CSE-4/562 Spring 2019

February 20, 2019

Textbook: Ch. 14.3

Recap

Index

Data

Data, even if well organized still requires you to page through a lot.

An index helps you quickly jump to specific data you might be interested in.

Data Organization

Unordered Heap: No organization at all. $O(N)$ reads.
(Secondary) Index: Index structure over unorganized data. $O(\ll N)$ random reads for some queries.
Clustered (Primary) Index: Index structure over clustered data. $O(\ll N)$ sequential reads for some queries.

Hash Indexes

A hash function $h(k)$ is ...

... deterministic: The same $k$ always produces the same hash value.
... (pseudo-)random: Different $k$s are unlikely to have the same hash value.

Modulus $h(k)\%N$ gives you a random number in $[0, N)$

Problems

$N$ is too small: Too many overflow pages (slower reads).
$N$ is too big: Too many normal pages (wasted space).

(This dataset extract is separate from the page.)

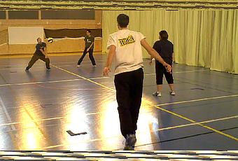 Du coup, nous avons testé l'installation de 3 terrains. Cette fois (contrairement a la fois avec 2), nous avons eu la place suffisante pour jouer dans de bonnes conditions.

Idea: Resize the structure as needed

To keep things simple, let's use $$h(k) = k$$

(you wouldn't actually do this in practice)

Problems

Changing hash functions reallocates everything: Only double/halve the size of a hash function
Changing sizes still requires reading everything: Idea: Only redistribute buckets that are too big

Dynamic Hashing

Add a level of indirection (Directory).
A data page $i$ can store data with $h(k)%2^n=i$ for any $n$.
Double the size of the directory (almost free) by duplicating existing entries.
When bucket $i$ fills up, split on the next power of 2.
Can also merge buckets/halve the directory size.